Hubbard argues that the Fed can control the Fed funds rate, but the interest rate that is important for the economy is a longer-term real rate of interest.   How much control does the Fed have over this longer real rate?

  Coures:- fundamental accounting principles

Coures:- Fundamental Accounting Principles: - Explain the goals and uses of special journals.

  Accounting problems

Accounting problems,  Draw a detailed timeline incorporating the dividends, calculate    the exact Payback Period  b)   the discounted Payback Period. the IRR,  the NPV, the Profitability Index.

  Write a report on internal controls

Write a report on Internal Controls

  Prepare the bank reconciliation for company

Prepare the bank reconciliation for company.

  Cost-benefit analysis

Create a cost-benefit analysis to evaluate the project

  Theory of interest

Theory of Interest: NPV, IRR, Nominal and Real, Amortization, Sinking Fund, TWRR, DWRR

  Liquidity and profitability

Distinguish between liquidity and profitability.
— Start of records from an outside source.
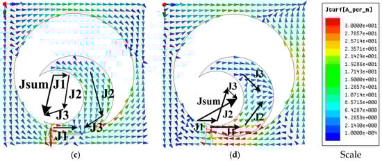 The simulated surface current distributions at 2.60 GHz (a) t = 0 (b) t = T/4 (c) t = T/2 (d) t = 3T/4.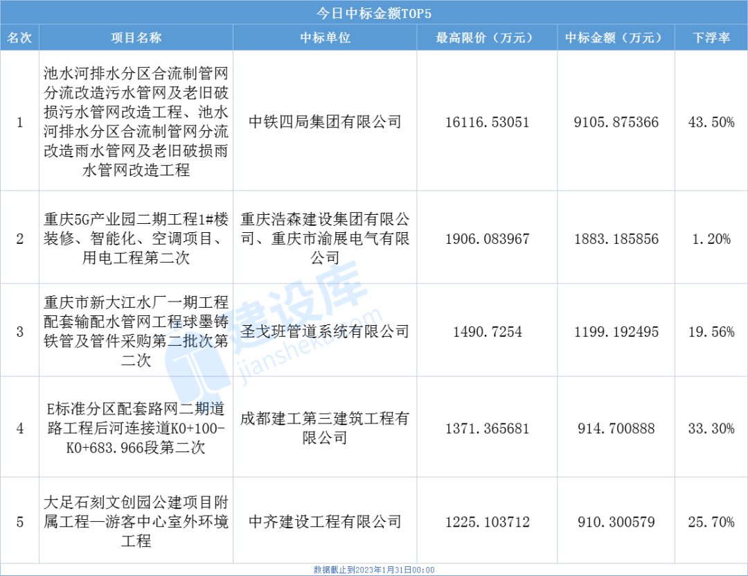 【1月31日重庆中标详情】据建设库大数据综合服务平台统计,截止到2023年1月31日00:00点整,重庆公共资源交易网中标公示项目共22个,其中施工项目16个,监理4个,设计1个,其他1个;出现废标情况的项目有6个。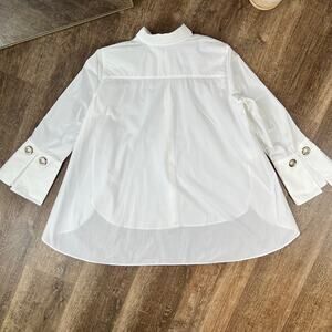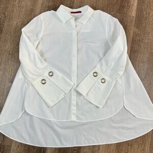 Carolina Herrera White Button Up Shirt Sleeve Ring Decal Oversized Fit
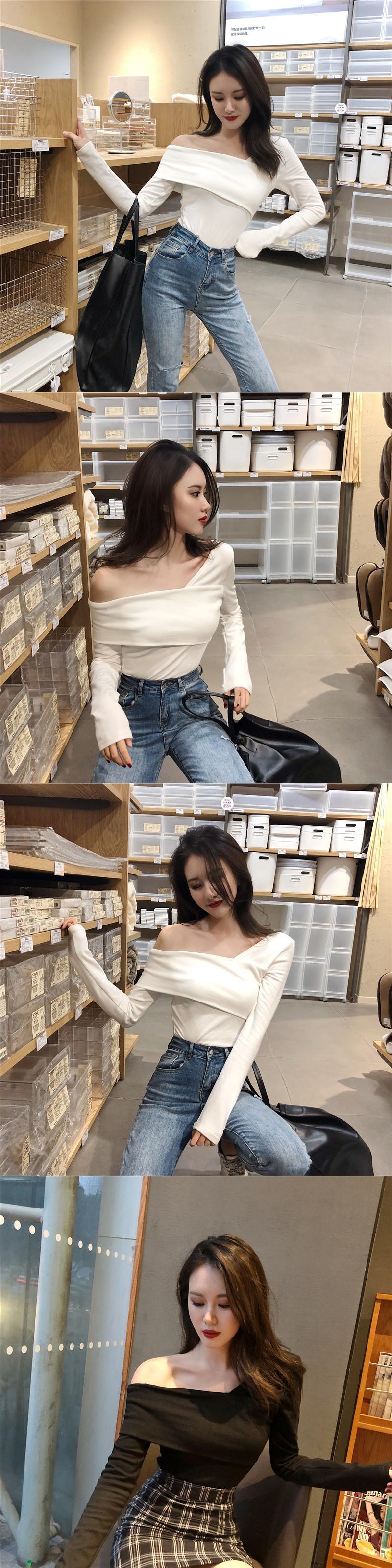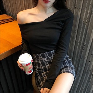 オータムショートトップス レディーススリムTシャツ シャツ ホワイト ロング 秋物 Xiaofeijia97480131574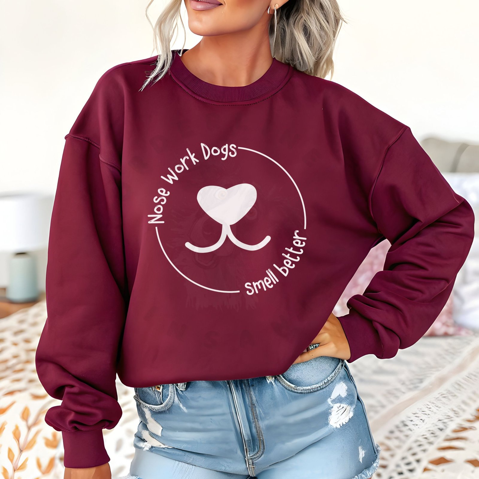 “Nose Work Dogs Smell Better” – because it’s true on so many levels! This clever sweatshirt celebrates the amazing world of nose work and scent detection with a playful pun and adorable dog nose design. Whether your dog is a certified nose work champion or just thinks they’re a professional sniffer, this cozy sweatshirt is perfect for handlers who understand that their dog’s nose knows best.
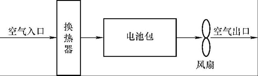 被动式进风散热通常指不使用任何外部辅助能量,直接利用车速形成的自然风将电池组产生的热量带走,不需要额外的部件,结构简单,成本低,整个散热过程热量的交换以自然对流的方式为主,但是其缺点在于散热效率较低,散热性能无法控制,因此需要对电池表面的散热面进行优化以增大电池的散热面积,或者对自然风的风道进行特殊设计,优化自然风经过电池包的流场。其工作原理如图1.2所示。
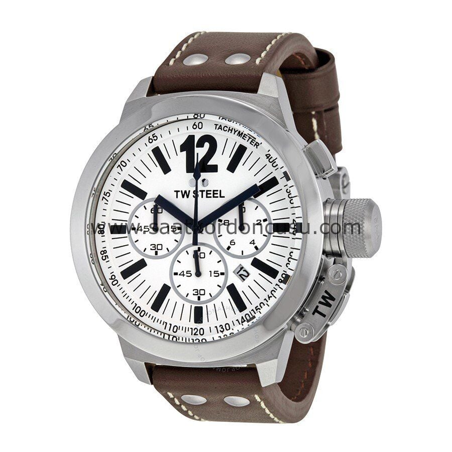 Tw steel 22mm Beyaz Metalli Kahverenk Deri Saat Kordonu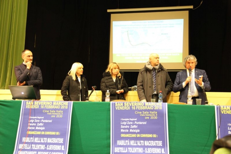 “Con questo traguardo abbiamo messo il primo tassello, gli altri saranno automatici”. Così il consigliere regionale Luigi Zura-Puntaroni ha presentato, al cinema Italia, l’importante novità che riguarda la decennale questione della bretella San Severino-Tolentino. Un’assemblea pubblica a cui hanno preso parte anche i due primi cittadini coinvolti, Rosa Piermattei e Giuseppe Pezzanesi, l’amministrazione comunale di San Severino quasi al completo, due candidati alle politiche (Giuliano Pazzaglini e Giorgia Latini) e tutti i consiglieri regionali di Lega Nord.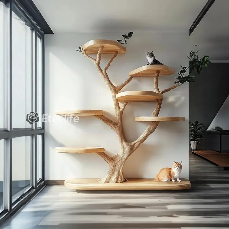 Modern, luxurious design: The shape of the shelf simulates an ancient tree, with wooden branches extending into convenient shelves to place potted plants, decorations, or personal items. Create a highlight for the living room, office or relaxation corner

  What is the expected risk premium on the portfolio

Your Corp, Inc. has a corporate tax rate of 35%. Please calculate their after tax cost of debt expressed as a percentage. Your Corp, Inc. has several outstanding bond issues all of which require semiannual interest payments.

  Simple interest and compound interest

Simple Interest, Compound interest, discount rate, force of interest, AV, PV

  Capm and venture capital

CAPM and Venture Capital

Free Assignment Quote

Assured A++ Grade

Get guaranteed satisfaction & time on delivery in every assignment order you paid with us! We ensure premium quality solution document along with free turntin report!